At last he heard murmurs of “The Prince,” “His Highness, the Prince,” “Your Highness,” and looked up at the dais. The boy he had fought on the island was standing there, with his hands on his hips, looking down at him in astonishment.
“You again,” the Prince said. He had the most beautiful black eye. Or rather, by this time it was not black any longer, but blue and purple and yellow, with red around the edges. “My goodness,” Alex thought, “I did hit him perfectly.” Most of his fear and embarrassment vanished. He was so pleased with that eye that he smiled broadly, and put his hands on his hips too. “Yes,” he said. “Me again.”
“Good!” said the Prince. “Good.” To Cecilia he sounded quite murderous. He stared at Alex in a dreadful, satisfied way, which turned Cecilia cold and faint. Alex stared back, admiring that black eye, cocking his head sideways, almost as if he had painted it on the Prince’s face with the finest of brushes.
The Count of Gairne stepped up onto the dais and interrupted their looking at one another. “Your Highness, these people were discovered riding about the countryside in direct contravention of your decree.”

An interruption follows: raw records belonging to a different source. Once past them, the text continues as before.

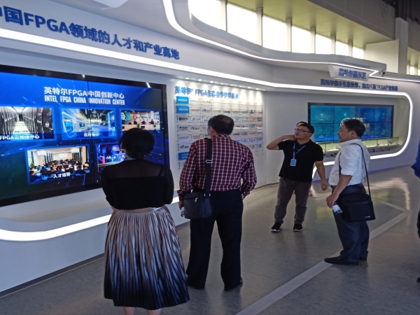 在英特尔FPGA中国创新中心海云捷讯科技有限公司,培训事业部总经理张辉介绍了创新中心硬件及软件平台基本情况。目前中心的主要目标是通过举办峰会和创新大赛、人才培养、高校合作等方式推广FPGA技术,希望与我院开展企业定制化培训,为创新中心入驻的企业量身定制人才。座谈交流后,考察组一行参观了创新中心关于FPGA技术的应用成果展厅。
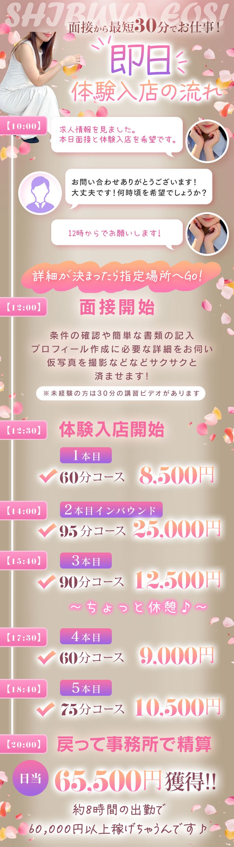 A | 渋谷エオスでは、面接から最短30分で体験入店が可能です! お急ぎの方は、その日のうちにお仕事スタートもできます。 一方で「しっかり説明を聞いてから決めたい」という方には、ゆっくり丁寧にご案内しますので、約1時間程度で進行しています。 無理に急がせることはなく、不安や疑問を解消した上でスタートできるので安心です。 |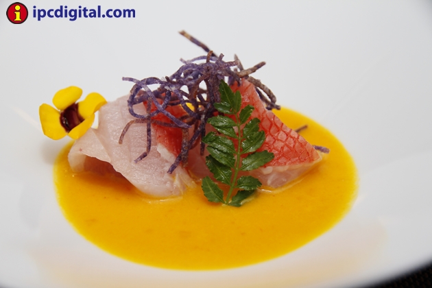El chef Dionicio se llevó los aplausos al llevarnos de lo japonés a lo nikkei en un solo suspiro. Preparó un sashimi de shima aji (jurel) con uni en una finísima vinagreta de ají amarillo y un tiradito, uno de los platos de pescado con más influencia japonesa de la cocina peruana, con kinmedai (besugo) bañado en una alucinante crema de ají amarillo y papa morada rayada.
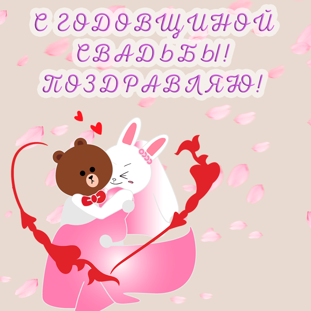 Открытка с милыми нарисованными мишками на годовщину свадьбы

Diana Wynne Jones writes a lot of portal fantasy. She grabs children from our world and time and drags them into some other fantastical world, where they are forced to save themselves by doing some magic or starting a revolution or saving Time.
Everard’s Ride is one of these, although a lesser-known Diana Wynne Jones novella. It often feels like a much older book than it is, and it reminds me very much of The Perilous Gard by Elizabeth Marie Pope (1974), which does a beautiful mix of historical fiction, Faerie, and intense claustrophobia. Everard’s Ride is vaguely historical, vaguely Faerie, and all of the characters are extremely trapped, whether it’s physical imprisonment, class differences, or something else that is limiting their autonomy.
Everard’s Ride feels like even more of a throwback to portal fantasy like Alice’s Adventures in Wonderland, because the kids are from Victorian England rather than our own time, and the rules are sometimes confusing (rather than systematically laid out as in current portal fantasy). When they go to the island, where are they? WHEN are they? What exactly keeps people from going back and forth? Why is harming Outsiders so taboo?
Additionally, many of DWJ’s most-used tropes aren’t present. For example, the weirdest part for me is the lack of a terrifying matriarch (whether good or evil). The closest we get is the mother of our outlaw hero Robert, and although she is a Countess, she is trapped more than any of the other characters. The timeline (TIME ZONES) can be tricky to figure out, but not anywhere close to the thorny tangle of, say, Hexwood.
This novella is one of Diana’s darker stories, too, with a lot of blood shed before it’s through. Most of the characters who suffer the most in this book don’t deserve it (although the villains certainly get their comeuppance), and while injustice is a very common theme in DWJ, it is more brutal in this story than some of her others. Honor/dishonor is the big binary between the villains and heroes here, but it takes some time to figure out who is behaving with honor, because SURPRISE motivations are complicated. it takes a while for the heroes to find each other and connect, because of the lens each of them is bringing to bear on the situation, and none of them have the full vision of what’s going on.
Not to worry, there is still plenty to keep us entertained in spite of the darker bits. Both the children from England and the children from the island are likable, empathetic characters, and the suspense over their fates is well-paced. There’s a romance, and a bromance, and Hugo Arbard’s subplot in this book is the perfect mix of hilarity, horror, and relief that Diana does so well.
This was my second time reading Everard’s Ride, and while it isn’t as classically Diana as some, it didn’t let me down and is a really fun ride in its own right.